Dlatego właśnie feromony są tak bardzo popularne nie tylko wśród ludzi młodych. Wiele osób kupuje te związki, aby zwiększyć swoją atrakcyjność, pewność siebie, a tym samym i szansę na flirt. I co ważne, praktycznie każda z nich wraca po więcej. Feromony bowiem działają na podświadomość. Wdychane poprzez narząd nosowo-lemieszowy trafiają bezpośrednio do podwzgórza mózgu, gdzie powstają nasze emocje – zarówno te pozytywne, jak i negatywne. Kiedy z nich korzystasz, osoby w Twoim otoczeniu nie są więc świadome Twojej „tajnej broni”. Ty sam możesz zauważyć nieco więcej spojrzeń, uśmiechów, komplementów skierowanych w Twoją stronę. Wtedy już sam decydujesz, czy chcesz je odwzajemnić, czy nie. Feromony sprawiają, że zwyczajnie stajesz się bardziej otwarty, bezpośredni, odważny. Wzrasta Twoja pewność siebie, a wraz z nią i okazja do flirtu.

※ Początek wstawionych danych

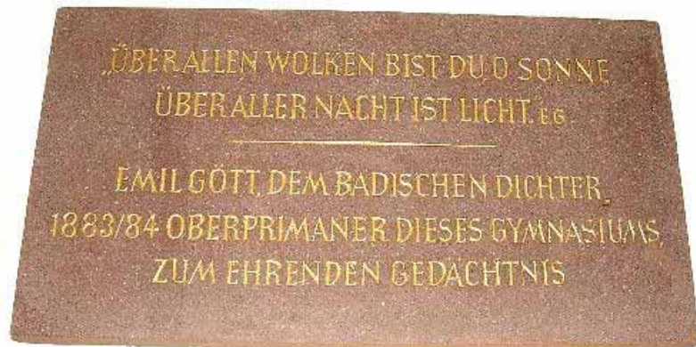
Foto der Gedenktafel in unserem Schulhaus

Jeśli więc chcesz skutecznie zwrócić na siebie uwagę partnerki, koniecznie sprawdź feromony Pheromax.
Czego chcieć więcej?
Przejdź do sklepu: Sklep »
dr n. med. Ryszard Smoliński Specjalista seksuolog www.seksuolog.org
"Udane życie płciowe człowieka to fundament spełnienia partnerskiego, rodzinnego, zawodowego i społecznego. Ale "do tanga" zwykle trzeba dwojga... Możliwość poznania osoby płci przeciwnej, zwrócenia na siebie uwagi, wywołania zainteresowania, wzbudzenia pożądania, czy podniecenia seksualnego zależy od bardzo wielu okoliczności. Zachowania te inicjują bodźce, które do nas
docierają. To dla mężczyzn, przede wszystkim, wrażenia wzrokowe, a dla kobiet doznania słuchowe. Dobrze wiedza o tym panie, kusząc przewiewnymi, kolorowymi sukienkami, dekoltami, czy wyrazistym makijażem. Panowie zaś, którzy zdają sobie z tego sprawę, mniej się stroją, za to często odpowiednio modelują tembr głosu. Nie bez znaczenia są bodźce węchowe, które choć często niewyczuwalne (podprogowe), mogą bardzo silnie oddziaływać na ludzi.
Feromony płciowe, to szczególne substancje lotne, które wydzielane są, między innymi, wraz z potem, łojem, wydzieliną z pochwy i oddechem. Niektóre z nich działają podobnie, choć z różnym nasileniem na większość osobników danej płci. Inne znów nabierają znaczenia dopiero wtedy, gdy warunkują się w oparciu o pozytywne przeżycia seksualne w przeszłości. Niektóre badania wskazują na to, że feromony odgrywają ważną rolę w biologii zachowań reprodukcyjnych ludzi. Na przykład, naturalny męski feromon pachowy, Androstadienon może zwracać uwagę kobiet. Już dawno temu zauważyli to bawarscy chłopi, którzy wkładali pod pachę chusteczkę, by ją później, przepoconą, włożyć do kieszonki marynarki na wiejskiej zabawie. Naukowcy z Uniwersytetu w Liverpoolu potwierdzają w swoich badaniach powyższe spostrzeżenia. Uważają, że Androstadienon wpływa na atrakcyjność mężczyzn w ten sposób, że "pachnący nim" facet łatwo zwraca na siebie uwagę pań, przy czym, im młodsza dama, tym to działanie to jest silniejsze. Gdy zaś kochankowie są już sobie bliscy, wyraźnie zwiększa pobudliwość seksualną i sprawia, że ich zbliżenia są częstsze i niemal zawsze spełnione."